Mushroom Stock
- 2 tablespoons olive oil
- 1 large onion, chopped
- 2 carrots, chopped
- 1 stalk celery, chopped
- 4 cloves garlic, peeled and smashed
- 1 1/2 pounds (about 8 cups) wild and domestic mushroom pieces and trimmings
- 1/4 ounce dried porcini or other dried mushrooms
- 3 sprigs fresh thyme
- 1 bay leaf
- 10 peppercorns
- 1 teaspoon mushroom soy sauce or tamari
- Heat the oil in a large stockpot or kettle set over medium heat.
- Add the onion, carrots, celery and garlic and cook, stirring frequently, until the vegetables are lightly browned, about 5 minutes.
- Add the mushrooms, dried porcini, thyme, bay leaf, peppercorns and 14 cups of water and bring to a boil.
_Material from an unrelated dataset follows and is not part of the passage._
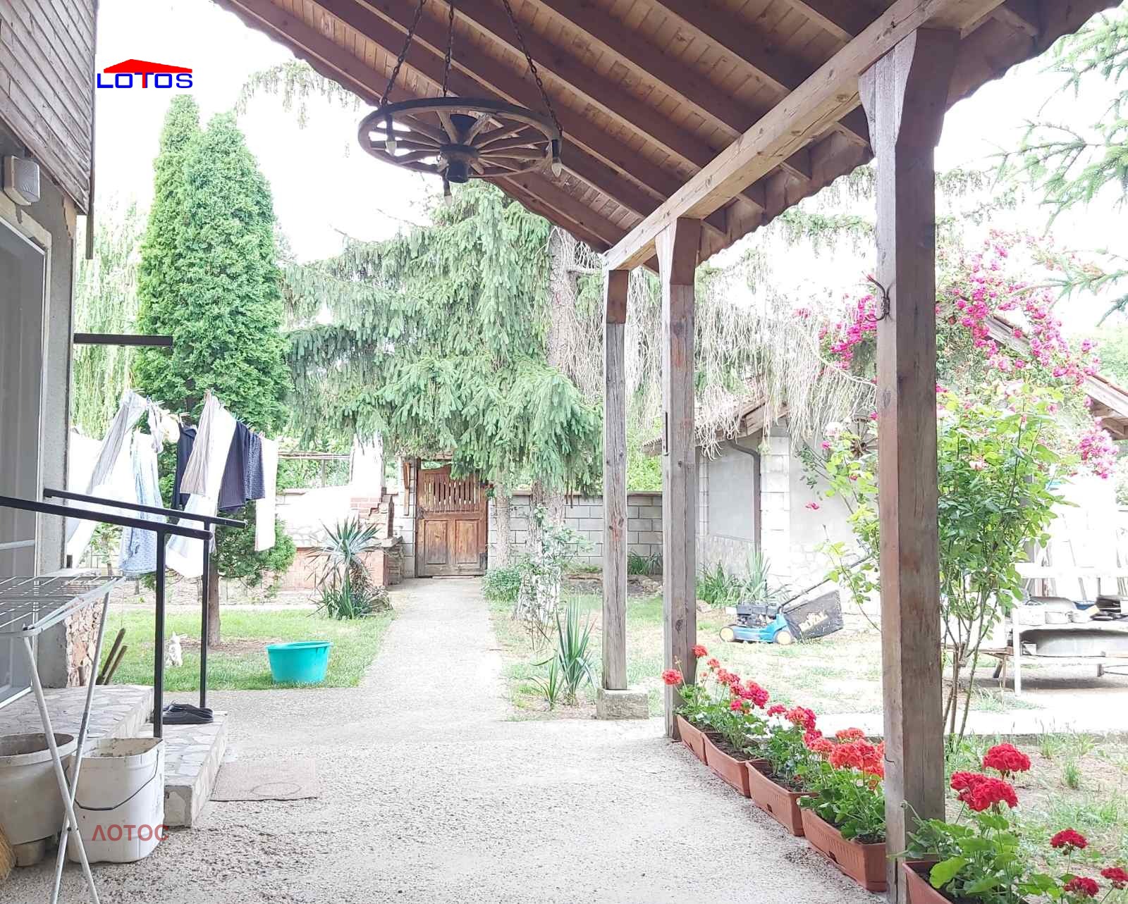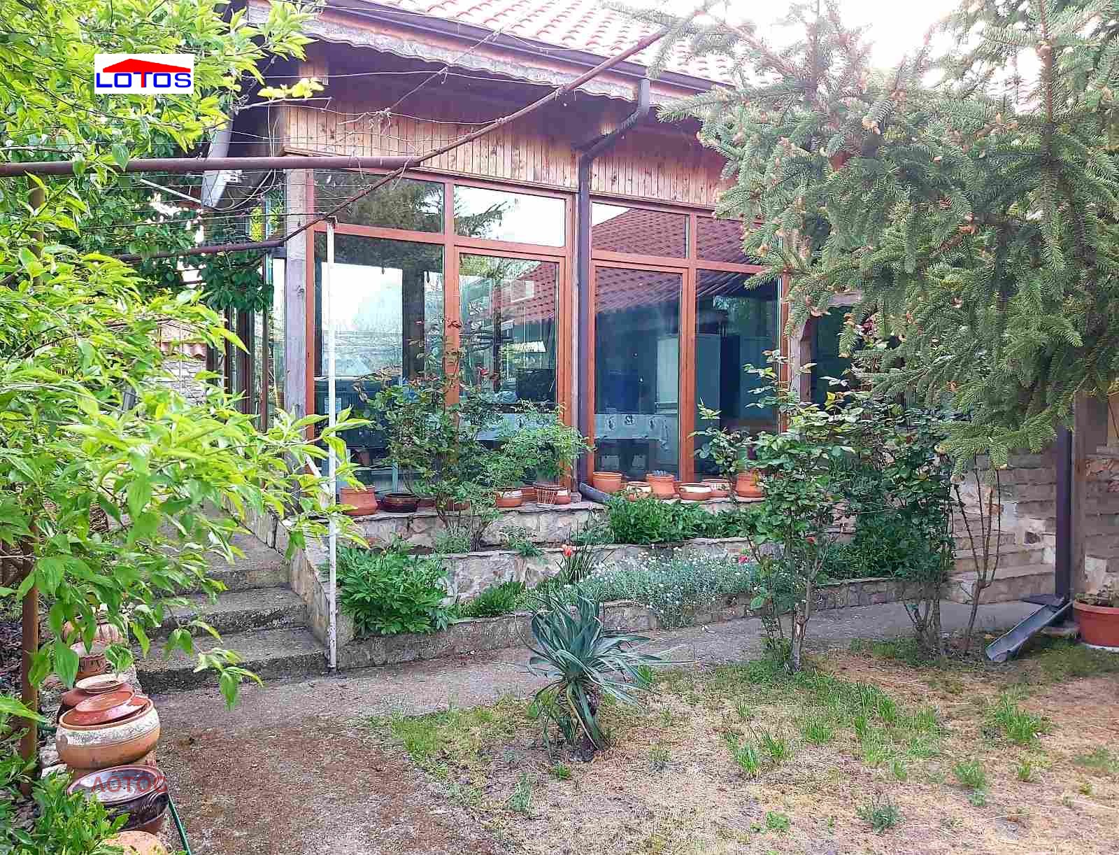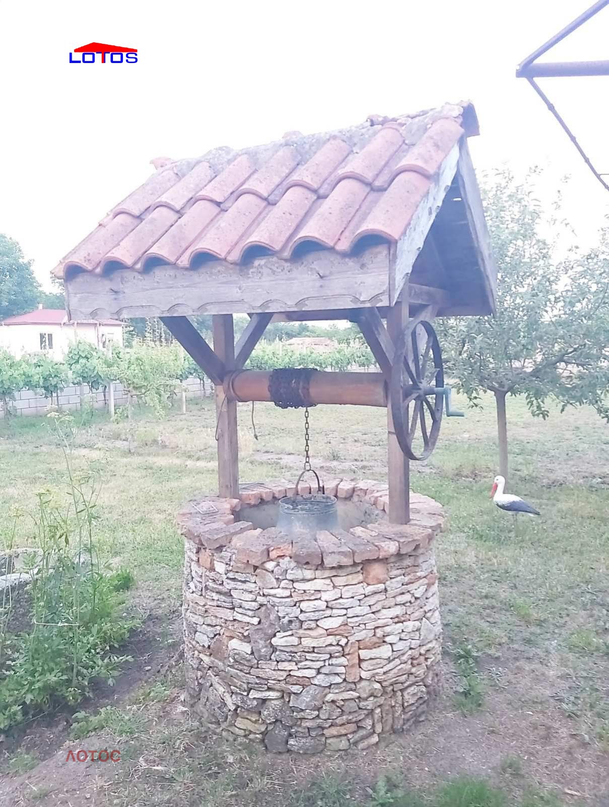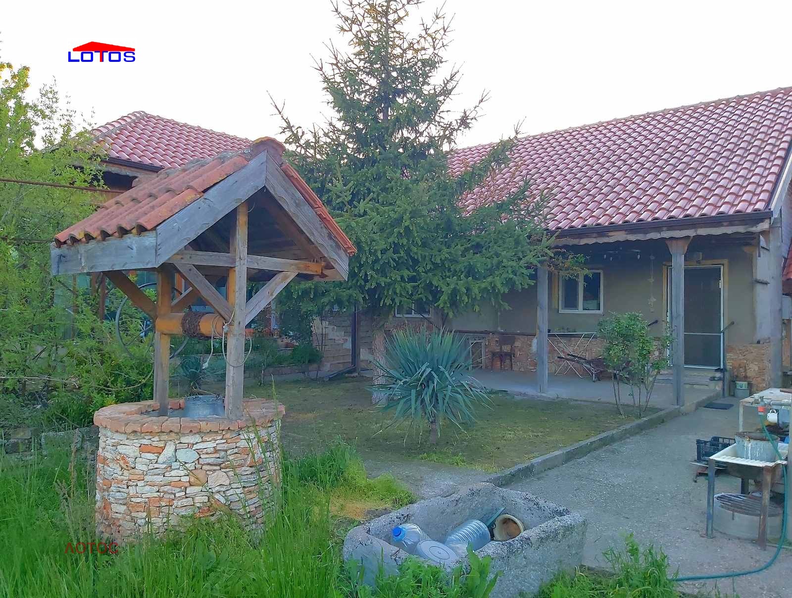 на дърва и бойлер със серпентина от парното. Към имота има изградена лятна кухня и зимна градина. Стопански постройки, гараж.. Дворно място--2780 кв.м., засято с 65 бр. овощни дръвчета, лозе със сортове - мерло, сира, памит, совиньон блан и асми - със сортове - велика, хамбурски мискет, перла, брестовица. В двора има обособена площ с капково напояване за отглеждане на зеленчуци. Селото се намира на 10 мин. с кола от плажовете на с. Дуранкулак.

- Adjust the heat and simmer gently, uncovered, for 2 hours.
- Pour the stock through a fine-mesh strainer.
- Press down on the solids to extract as much liquid as possible.
- Stir in the soy sauce.
- Use as a base for soups and stews, or add more soy or tamari to taste and serve as a broth.
olive oil, onion, carrots, celery, garlic, mushroom, porcini, thyme, bay leaf, peppercorns, mushroom soy sauce
Taken from cooking.nytimes.com/recipes/7916 (may not work)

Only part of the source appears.